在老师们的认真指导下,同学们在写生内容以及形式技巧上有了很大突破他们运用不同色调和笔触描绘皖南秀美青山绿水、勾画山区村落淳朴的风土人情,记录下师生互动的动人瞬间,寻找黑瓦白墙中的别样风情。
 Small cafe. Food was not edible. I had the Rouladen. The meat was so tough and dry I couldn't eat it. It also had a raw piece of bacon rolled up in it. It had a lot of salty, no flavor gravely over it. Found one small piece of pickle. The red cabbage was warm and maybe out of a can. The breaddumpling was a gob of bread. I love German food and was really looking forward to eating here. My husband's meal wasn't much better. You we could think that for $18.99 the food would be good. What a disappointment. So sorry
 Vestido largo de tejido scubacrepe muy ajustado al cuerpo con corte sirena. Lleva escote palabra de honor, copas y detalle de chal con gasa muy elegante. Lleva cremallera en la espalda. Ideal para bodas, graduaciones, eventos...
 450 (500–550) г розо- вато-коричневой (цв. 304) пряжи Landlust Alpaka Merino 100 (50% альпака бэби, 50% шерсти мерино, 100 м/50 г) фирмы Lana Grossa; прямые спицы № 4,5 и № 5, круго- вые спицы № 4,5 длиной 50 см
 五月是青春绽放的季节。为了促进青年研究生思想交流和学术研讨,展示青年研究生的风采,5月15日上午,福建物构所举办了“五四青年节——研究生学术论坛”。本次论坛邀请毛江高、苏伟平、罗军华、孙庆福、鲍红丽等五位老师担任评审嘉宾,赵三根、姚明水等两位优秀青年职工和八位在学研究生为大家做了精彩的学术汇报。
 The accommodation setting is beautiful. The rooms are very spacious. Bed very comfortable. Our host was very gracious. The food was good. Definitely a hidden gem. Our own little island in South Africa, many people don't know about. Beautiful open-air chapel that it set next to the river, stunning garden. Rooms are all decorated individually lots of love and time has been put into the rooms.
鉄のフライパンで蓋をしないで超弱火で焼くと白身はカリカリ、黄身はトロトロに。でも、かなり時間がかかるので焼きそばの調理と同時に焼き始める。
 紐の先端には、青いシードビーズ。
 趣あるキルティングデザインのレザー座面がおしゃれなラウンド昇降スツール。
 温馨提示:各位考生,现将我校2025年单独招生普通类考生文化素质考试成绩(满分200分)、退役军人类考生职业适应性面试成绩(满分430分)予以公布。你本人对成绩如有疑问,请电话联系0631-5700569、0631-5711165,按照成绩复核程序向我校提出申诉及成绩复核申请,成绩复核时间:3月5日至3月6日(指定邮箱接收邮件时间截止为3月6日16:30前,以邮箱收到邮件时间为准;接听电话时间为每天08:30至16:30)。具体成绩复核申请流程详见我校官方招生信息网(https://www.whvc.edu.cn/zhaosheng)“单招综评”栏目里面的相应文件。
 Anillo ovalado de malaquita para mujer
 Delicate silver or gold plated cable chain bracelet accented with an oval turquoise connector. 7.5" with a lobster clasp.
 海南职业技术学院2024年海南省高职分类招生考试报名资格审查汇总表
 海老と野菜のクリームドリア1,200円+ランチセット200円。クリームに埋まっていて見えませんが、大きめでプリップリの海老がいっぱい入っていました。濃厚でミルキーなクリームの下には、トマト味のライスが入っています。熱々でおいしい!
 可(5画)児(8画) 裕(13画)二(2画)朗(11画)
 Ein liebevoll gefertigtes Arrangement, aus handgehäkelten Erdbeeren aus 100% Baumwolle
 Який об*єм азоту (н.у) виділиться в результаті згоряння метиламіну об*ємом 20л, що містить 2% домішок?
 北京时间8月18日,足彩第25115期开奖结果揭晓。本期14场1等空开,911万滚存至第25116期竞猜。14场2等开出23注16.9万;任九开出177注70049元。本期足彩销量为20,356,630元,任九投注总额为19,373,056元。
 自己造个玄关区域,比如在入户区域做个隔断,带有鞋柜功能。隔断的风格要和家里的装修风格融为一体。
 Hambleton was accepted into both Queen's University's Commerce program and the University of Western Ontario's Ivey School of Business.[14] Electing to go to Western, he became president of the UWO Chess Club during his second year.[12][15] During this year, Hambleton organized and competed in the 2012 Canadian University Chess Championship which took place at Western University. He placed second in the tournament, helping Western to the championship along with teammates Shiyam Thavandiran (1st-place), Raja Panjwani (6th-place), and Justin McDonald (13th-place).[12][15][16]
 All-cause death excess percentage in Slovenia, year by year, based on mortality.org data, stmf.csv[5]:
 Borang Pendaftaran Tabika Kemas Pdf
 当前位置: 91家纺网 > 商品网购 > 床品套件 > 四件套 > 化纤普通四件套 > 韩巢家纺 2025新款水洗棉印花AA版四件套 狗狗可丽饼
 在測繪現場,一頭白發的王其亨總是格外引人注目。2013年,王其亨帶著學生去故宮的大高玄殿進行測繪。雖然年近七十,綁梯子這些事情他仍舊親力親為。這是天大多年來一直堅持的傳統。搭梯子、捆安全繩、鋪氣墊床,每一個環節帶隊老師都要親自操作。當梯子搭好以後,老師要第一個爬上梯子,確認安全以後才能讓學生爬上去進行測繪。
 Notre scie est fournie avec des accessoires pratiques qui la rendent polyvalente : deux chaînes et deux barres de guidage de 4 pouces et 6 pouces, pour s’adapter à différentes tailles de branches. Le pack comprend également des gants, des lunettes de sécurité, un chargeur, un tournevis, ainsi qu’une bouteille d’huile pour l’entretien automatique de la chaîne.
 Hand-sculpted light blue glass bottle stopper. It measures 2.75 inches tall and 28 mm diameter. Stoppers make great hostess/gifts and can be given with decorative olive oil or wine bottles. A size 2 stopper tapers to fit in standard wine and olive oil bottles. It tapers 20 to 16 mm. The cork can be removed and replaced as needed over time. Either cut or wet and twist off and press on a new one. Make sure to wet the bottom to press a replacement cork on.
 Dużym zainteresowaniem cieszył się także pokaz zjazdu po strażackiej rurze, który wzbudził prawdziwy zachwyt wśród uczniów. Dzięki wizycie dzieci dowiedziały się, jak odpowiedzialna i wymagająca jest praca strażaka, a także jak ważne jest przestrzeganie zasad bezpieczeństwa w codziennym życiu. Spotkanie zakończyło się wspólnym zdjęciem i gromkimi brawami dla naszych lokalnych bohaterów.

* * * *

Exercise aim: Starting at the line above that holds "海老と野菜のクリームドリア1" and ending at the line that holds "Ein liebevoll gefertigtes", transcribe each line exactly and include no other lines.

Solution:
 海老と野菜のクリームドリア1,200円+ランチセット200円。クリームに埋まっていて見えませんが、大きめでプリップリの海老がいっぱい入っていました。濃厚でミルキーなクリームの下には、トマト味のライスが入っています。熱々でおいしい!
 可(5画)児(8画) 裕(13画)二(2画)朗(11画)
 Ein liebevoll gefertigtes Arrangement, aus handgehäkelten Erdbeeren aus 100% Baumwolle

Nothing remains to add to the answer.